Table 1 Imputation types and attribute comparison.

Full size table

Methods

Datasets

Three different data sets were selected for this study: Diamonds²⁸; Housing²⁹ and Heart Disease³⁰. These were selected because they: (1) use different types of categorical data to be imputed (ordinal, nominal and binary), (2) allow for comparison of imputing approaches on accuracy and predictive utility, and (3) are complete (no missing values), so the ground truth for the missing cases were available to compare different imputation methods. Thus, they provided a broad comparative field regarding how IRT performs relative to other imputation methods.
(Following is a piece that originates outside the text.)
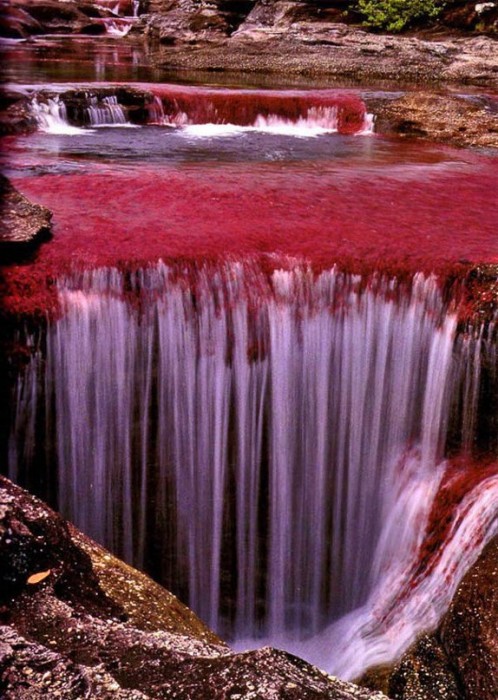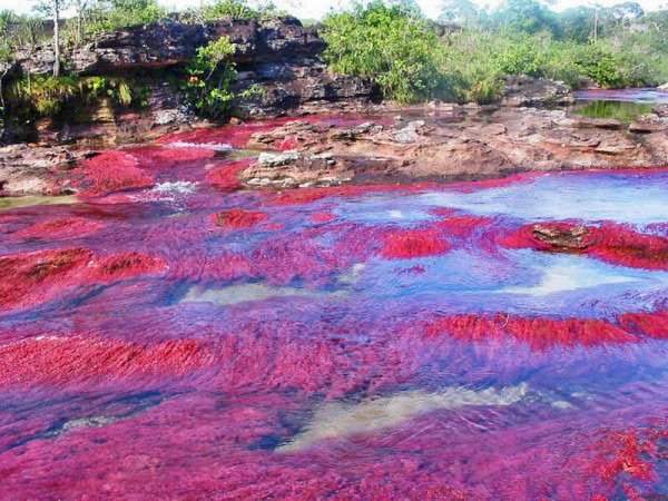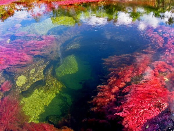 В Колумбии есть река под названием Каньо Кристалес, она же «пятицветная река» или «река пяти цветов». Каньо Кристалес берет начало на юге гор Макарена в колумбийской провинции Мета и течет с запада на восток, впадая затем в реку Гуайяберо. Каньо Кристалес – совсем небольшая речка длиной всего лишь около 100 километров и около 20 метров шириной, но скромные размеры не мешают ей быть одной из самых красивых и знаменитых рек мира. Пять цветов Каньо Кристалес – это красный, зеленый, желтый, синий и черный. Красные оттенки воде придают уникальные местные водоросли Macarenia clavigera, зеленоватые, желтые и черные – другие водные растения и речной песок, а синие и голубые – отражение неба в воде. Зрелище получается поистине фантастическое – речная вода играет сотнями цветов и оттенков, плавно переходящих друг в друга. Удивительное разнообразие цветов Каньо Кристалес приобретает в период с июня по ноябрь, на протяжении нескольких недель между сезоном дождей и засухи. Именно в это время доступ к реке открыт для туристов, однако полюбоваться пятицветной рекой не так-то просто – чтобы увидеть Каньо Кристалес, нужно сначала добраться самолетом до небольшого колумбийского городка Ла-Макарена, а затем отправиться в сложный поход по туристическим тропам в национальном парке, через который течет река. Впрочем, все трудности стоят того – только посмотрите на эти фотографии радужной реки.

Within each data set, a single predictor variable was selected to be missing. Null values were substituted in each of these specified predictor variables in four different amounts (missing 5, 10, 30 and 50%), each following two different structures (MCAR vs MAR). Therefore, each dataset gave rise to eight unique datasets for imputation. To generate the MCAR type data sets, values were randomly replaced with null values. Generating MAR data was performed on a per dataset instance by first identifying a conditional variable on which to generate the MAR data sets. The files were then sorted on the conditional variable and 5, 10, 30 and 50% of the target missing variable was removed from the top of the dataset. To verify MCAR versus MAR missing data structures, Little’s test was used³¹. Little’s test is a modified chi-Square test to determine if one or more systematic relationships between the missing data and other variables exist and is expected to be significant in MAR data sets and non-significant in MCAR data sets. Results are reported in Appendix A, Table S1.

One issue that arose was that since IRT does not accommodate continuous data, such features had to be re-coded into ordinal-level categories, as this is required for use in the GRM analyses. While item responses to continuous data can be imputed using principal components³² or confirmatory factor analysis³³, categorizing continuous variables may offer advantages in modeling non-linear relationships in the imputation process. To do so, histograms of the data were generated for each continuous feature and cut points made to preserve the original shape of the distribution, as many of the feature variables were non-normally distributed. Data that were affected in such a way were split into quartiles, providing four-level ordinal variables. This conversion was only done when running the IRT imputations.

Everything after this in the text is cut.